REQUIRED ACTION: Only the stretch below from the line holding "Momentum Model-based Minimal" through the line holding "Lousa Mágica Tela" should be restated, word for word and with both ends included; pictures stay out.

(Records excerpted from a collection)
§ §
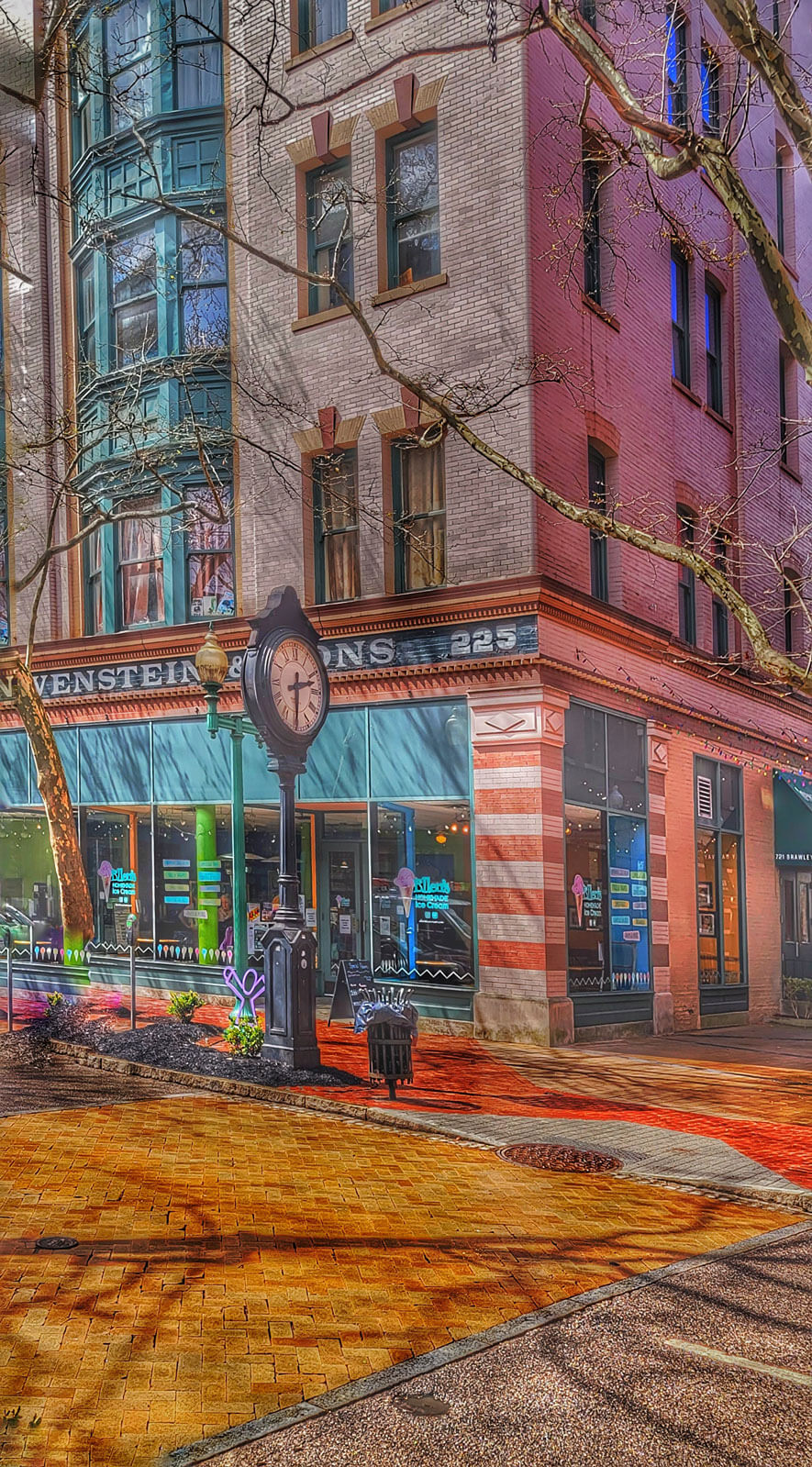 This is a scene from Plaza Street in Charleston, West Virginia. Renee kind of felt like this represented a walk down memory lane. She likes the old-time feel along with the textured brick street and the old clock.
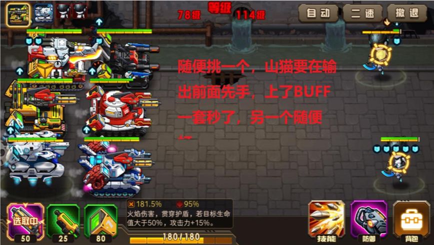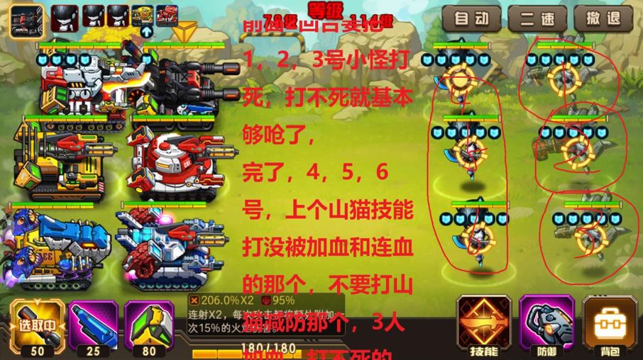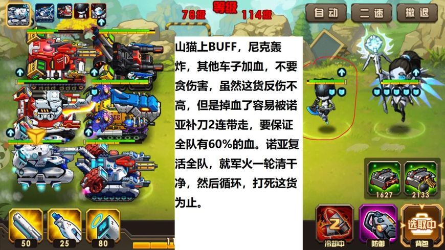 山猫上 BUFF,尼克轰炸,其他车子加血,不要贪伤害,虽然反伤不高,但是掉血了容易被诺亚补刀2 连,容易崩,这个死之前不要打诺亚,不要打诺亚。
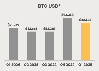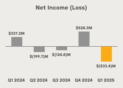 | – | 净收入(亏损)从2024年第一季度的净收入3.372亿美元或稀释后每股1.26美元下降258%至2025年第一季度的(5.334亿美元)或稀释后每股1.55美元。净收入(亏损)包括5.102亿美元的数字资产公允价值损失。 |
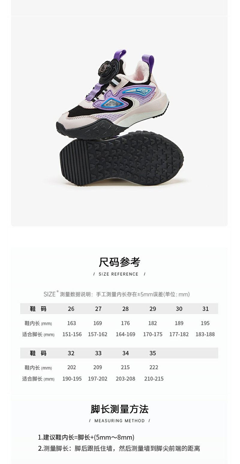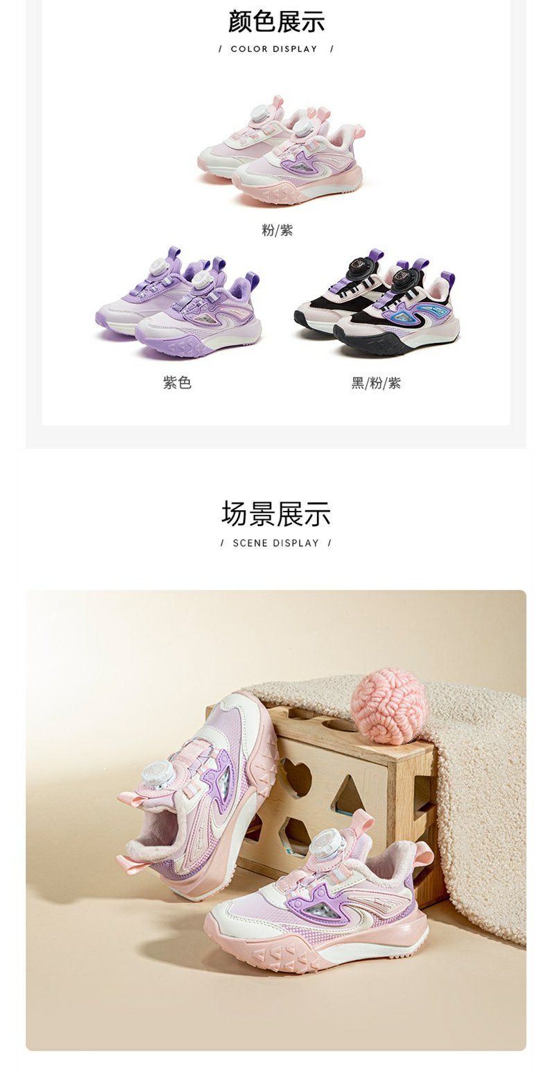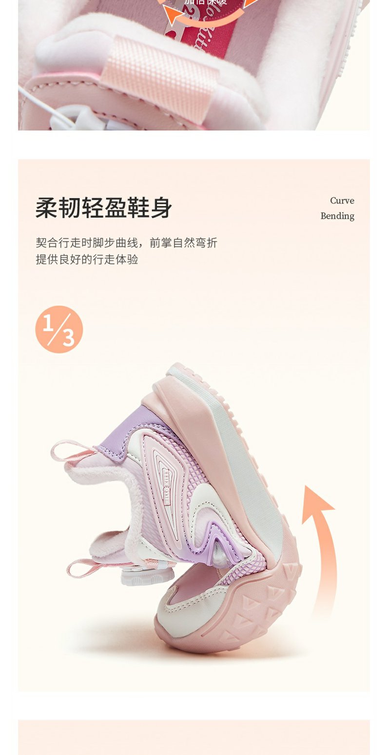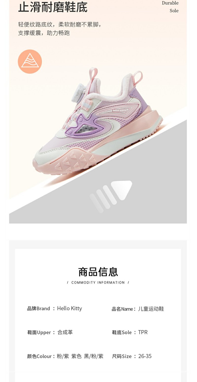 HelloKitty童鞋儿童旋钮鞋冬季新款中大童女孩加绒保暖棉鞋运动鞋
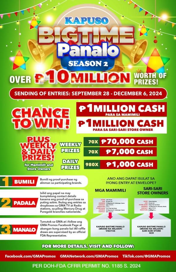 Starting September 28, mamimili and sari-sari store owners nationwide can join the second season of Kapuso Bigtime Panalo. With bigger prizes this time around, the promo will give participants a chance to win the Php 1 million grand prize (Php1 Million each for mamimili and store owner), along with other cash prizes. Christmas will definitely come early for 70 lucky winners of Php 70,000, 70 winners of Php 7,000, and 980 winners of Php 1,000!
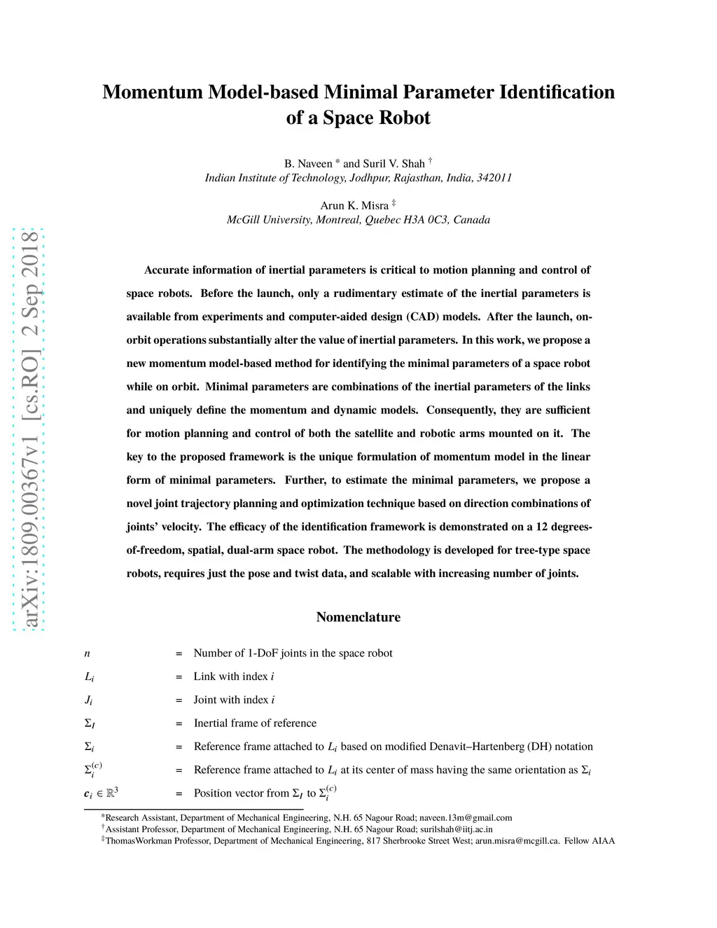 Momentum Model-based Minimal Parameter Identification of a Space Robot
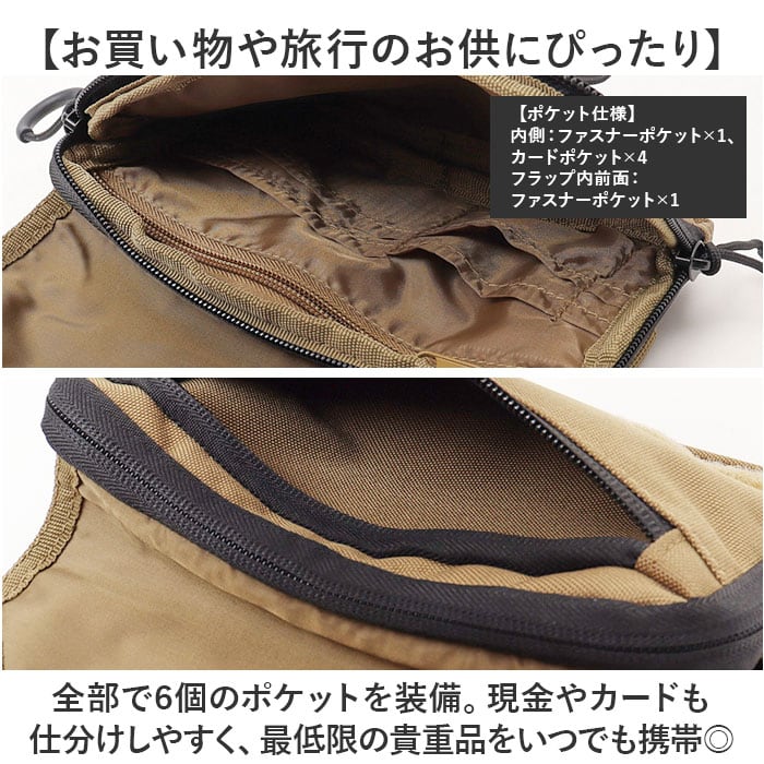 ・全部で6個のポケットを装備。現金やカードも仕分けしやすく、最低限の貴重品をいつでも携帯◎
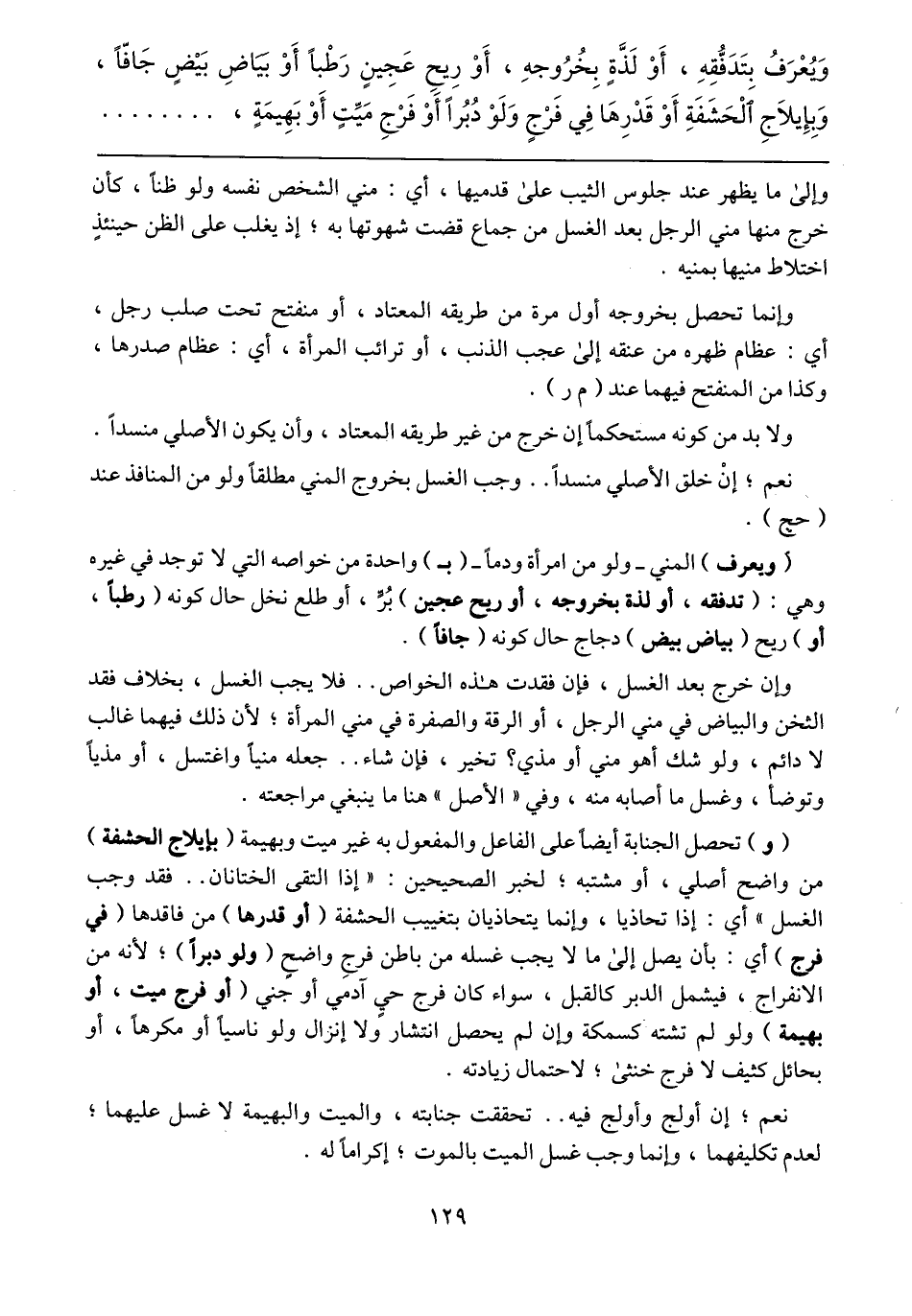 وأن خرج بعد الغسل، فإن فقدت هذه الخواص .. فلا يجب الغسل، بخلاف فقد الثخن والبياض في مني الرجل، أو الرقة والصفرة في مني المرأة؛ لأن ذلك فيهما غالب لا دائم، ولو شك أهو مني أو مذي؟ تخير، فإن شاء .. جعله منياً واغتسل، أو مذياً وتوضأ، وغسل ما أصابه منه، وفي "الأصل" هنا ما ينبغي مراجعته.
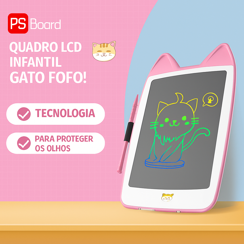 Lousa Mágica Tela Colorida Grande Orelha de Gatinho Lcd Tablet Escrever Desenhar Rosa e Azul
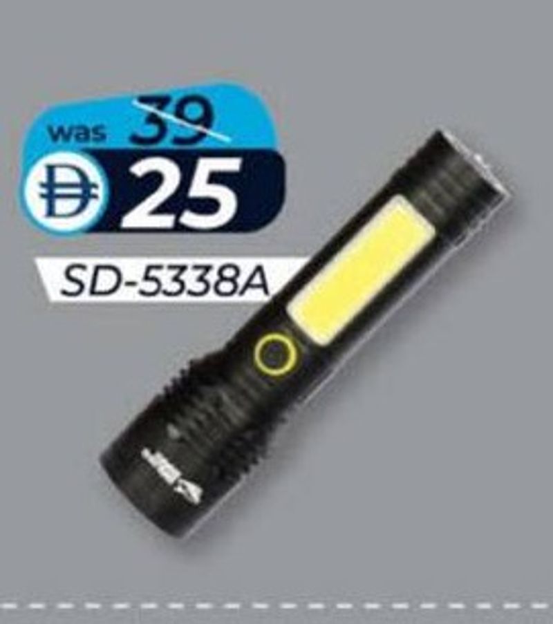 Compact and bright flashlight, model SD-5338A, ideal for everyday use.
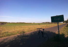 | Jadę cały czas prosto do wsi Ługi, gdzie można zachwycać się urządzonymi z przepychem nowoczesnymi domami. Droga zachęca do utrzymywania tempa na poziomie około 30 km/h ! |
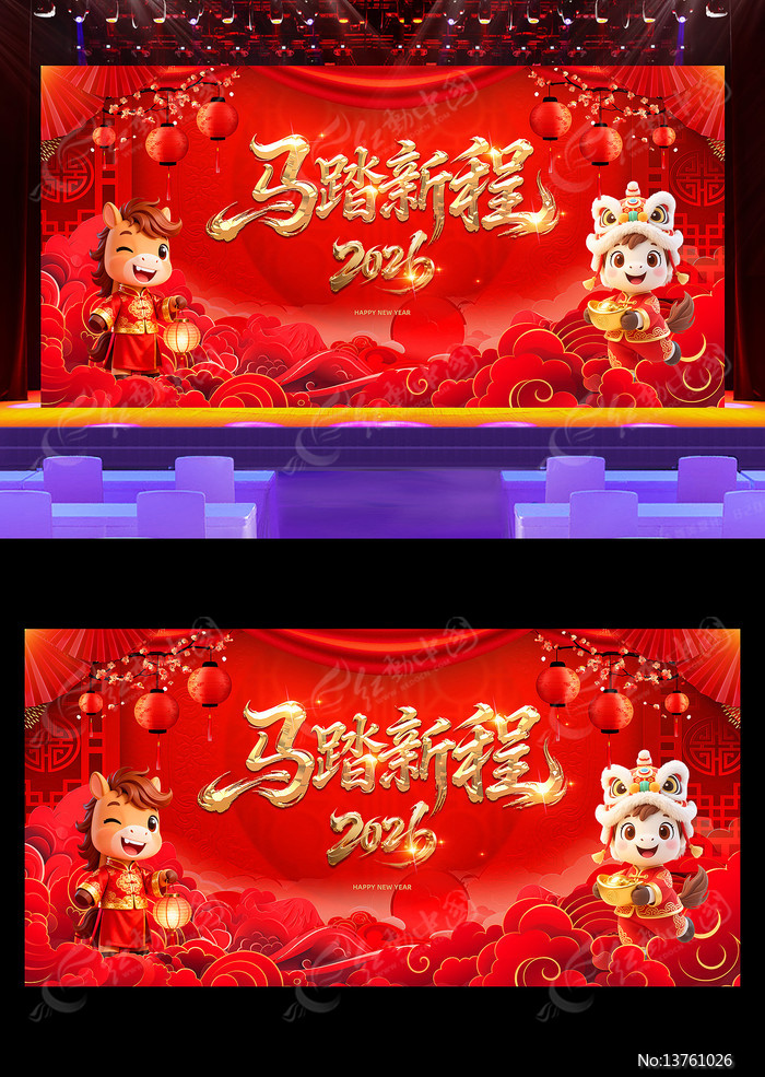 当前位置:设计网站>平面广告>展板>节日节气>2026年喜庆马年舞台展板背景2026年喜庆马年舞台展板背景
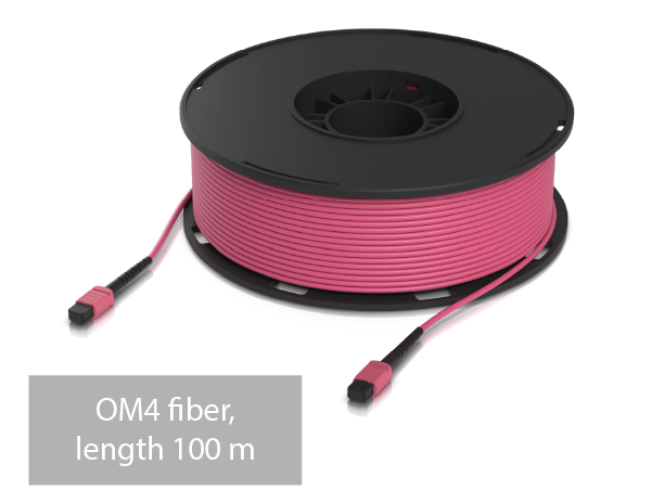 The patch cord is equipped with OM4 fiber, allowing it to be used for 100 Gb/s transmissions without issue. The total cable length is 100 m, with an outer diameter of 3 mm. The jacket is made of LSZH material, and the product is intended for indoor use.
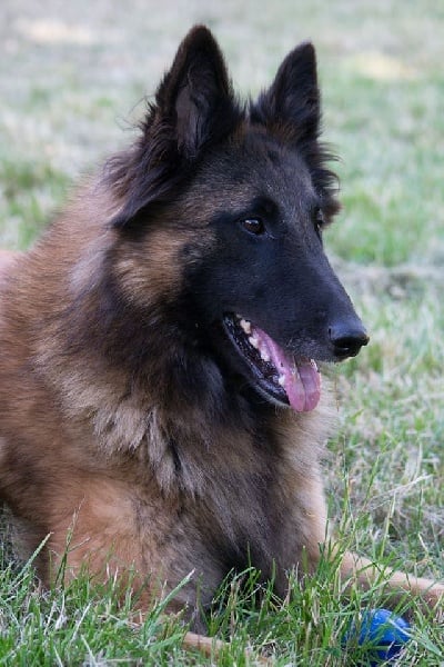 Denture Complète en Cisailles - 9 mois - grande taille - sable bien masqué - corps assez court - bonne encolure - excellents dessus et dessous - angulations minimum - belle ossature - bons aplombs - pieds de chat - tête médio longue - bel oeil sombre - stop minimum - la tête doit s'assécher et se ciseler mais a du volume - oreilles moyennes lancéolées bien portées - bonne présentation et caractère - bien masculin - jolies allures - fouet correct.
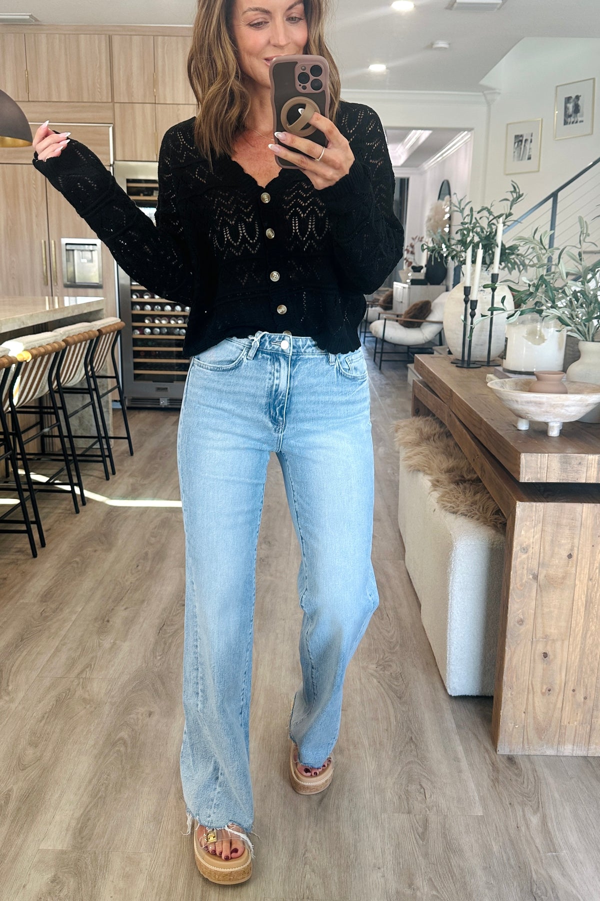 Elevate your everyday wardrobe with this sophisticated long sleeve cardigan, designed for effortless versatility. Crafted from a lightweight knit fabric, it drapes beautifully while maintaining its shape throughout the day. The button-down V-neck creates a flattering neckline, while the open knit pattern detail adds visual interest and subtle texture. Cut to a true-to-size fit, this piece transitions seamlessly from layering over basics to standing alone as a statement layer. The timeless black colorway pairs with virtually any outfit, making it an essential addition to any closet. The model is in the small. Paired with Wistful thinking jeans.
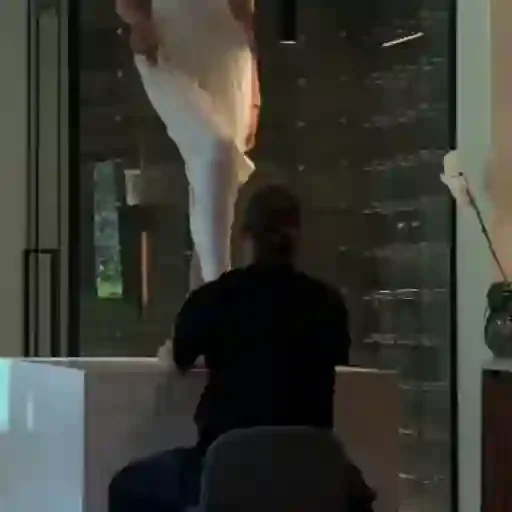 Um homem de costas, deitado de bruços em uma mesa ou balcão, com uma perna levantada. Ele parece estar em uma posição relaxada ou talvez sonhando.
§ §
ANSWER TO THIS EXERCISE:
 Momentum Model-based Minimal Parameter Identification of a Space Robot
 ・全部で6個のポケットを装備。現金やカードも仕分けしやすく、最低限の貴重品をいつでも携帯◎
 وأن خرج بعد الغسل، فإن فقدت هذه الخواص .. فلا يجب الغسل، بخلاف فقد الثخن والبياض في مني الرجل، أو الرقة والصفرة في مني المرأة؛ لأن ذلك فيهما غالب لا دائم، ولو شك أهو مني أو مذي؟ تخير، فإن شاء .. جعله منياً واغتسل، أو مذياً وتوضأ، وغسل ما أصابه منه، وفي "الأصل" هنا ما ينبغي مراجعته.
 Lousa Mágica Tela Colorida Grande Orelha de Gatinho Lcd Tablet Escrever Desenhar Rosa e Azul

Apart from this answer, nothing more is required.